List of studies from Neurosynth.org that are associated with the search term “amygdala”. Out of over 1500 studies, we can see in just the first five listed that there are a range of different studies that can elicit activation in the amygdala.

Recommendations

With all of these potential fallacies, one should be on guard against explanations that seem too neat, too easy, and too obviously in line with the researcher’s hypothesis. It is one thing to tentatively conclude that a result could mean one thing among many possible explanations; it’s another to make sweeping claims about what a brain map represents, usually boiled down to a single term, without considering any of the alternatives. Whenever you reach the discussion section of a paper, as always, you should ask yourself: Is this conclusion supported by the evidence? What other possible explanations are there? Was the study designed to rule out these alternatives? Is it true that this blob I’m seeing in this figure supports the author’s hypothesis, and nothing else?

Likewise, when writing your own manuscript, take time to think about the pitfalls raised above. In some cases, it might not be possible to distinguish between two possible causes, either due to the study design, or because other behavioral measurements were not collected; be upfront about that, and report as much of the data that is relevant. (You may also find it useful to highlight all of the effects for a given map, while outlining the statistically significant ones; see Taylor et al. (2023) for guidelines about how to do this.) And if you are going to make a claim about the selectivity of a region, make sure to design your study so that you can perform double dissociations, which shows that one condition is significant in a particular region but not another, and vice versa for a separate condition. The method for how to do this, along with the criteria for claiming a double dissociation, can be found in this paper by Richard Henson (2006).

../../_images/AppendixG_Henson_DoubleDissociations.png

Figure I from Henson, 2006, illustrating different types of double dissociations, along with red herrings that are not true double dissociations. For example, panel C is technically a dissociation with an interaction effect, but since conditions C1 and C2 have virtually no signal, it is a trivial dissociation; think of using the ventricles as a control region, for example. The three panels on the bottom D, E, and F) all show different patterns of double dissociations, which usually include: 1) An effect of C1 in region R1; 2) an effect of C2 in region R2; 3) A significant difference of C1>C2 in R1; 4) A significant difference of C2>C1 in R2; and 5) A Condition x Region interaction term. Double dissociations are an effective tool for delineating the functional architecture of the brain.

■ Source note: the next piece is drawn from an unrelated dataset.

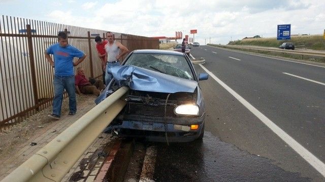 Vetura e tipit Golf ka hyrë në barrierën e autostradës që shkon për Mitrovicë. Metali i barrierës ka depërtuar anë e përtej veturës.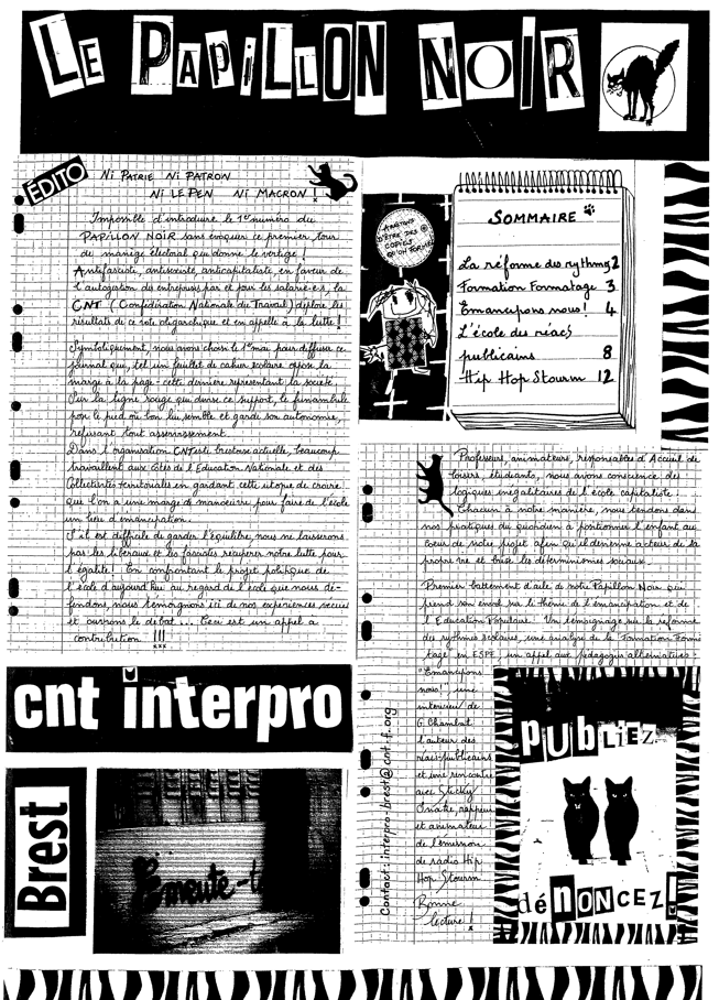 Impossible d’introduire le 1er numéro du Papillon Noir sans évoquer ce premier tour de manège électoral qui donne le vertige ! Antifasciste, antisexiste, anticapitaliste, en faveur de l’autogestion des entreprises par et pour les salarié•es, la CNT (Confédération Nationale du Travail) déplore les résultats de ce vote oligarchique et en appelle à la lutte !

Afterword: What Methods are Better Suited for Neural Decoding?

Looking ahead, multivariate approaches may be a better way to make stronger inferences about what a person was thinking or doing at a certain time. These approaches - such as multivoxel pattern analysis, or MVPA - use patterns of activity to classify brain states. For example, in Haxby et al.’s 2001 paper, they found that distinct patterns of neural activity could be used to distinguish between BOLD maps that were acquired when the subject was looking at a face, versus other categories, such as cats, chairs, and houses. This method has since been refined an extended to accurately classify naturalistic stimuli, such as what part of a movie the subject was watching. This area of research is still under development, but it shows promising signs of becoming the tools that neuroimagers use to decode what a subject was thinking or doing.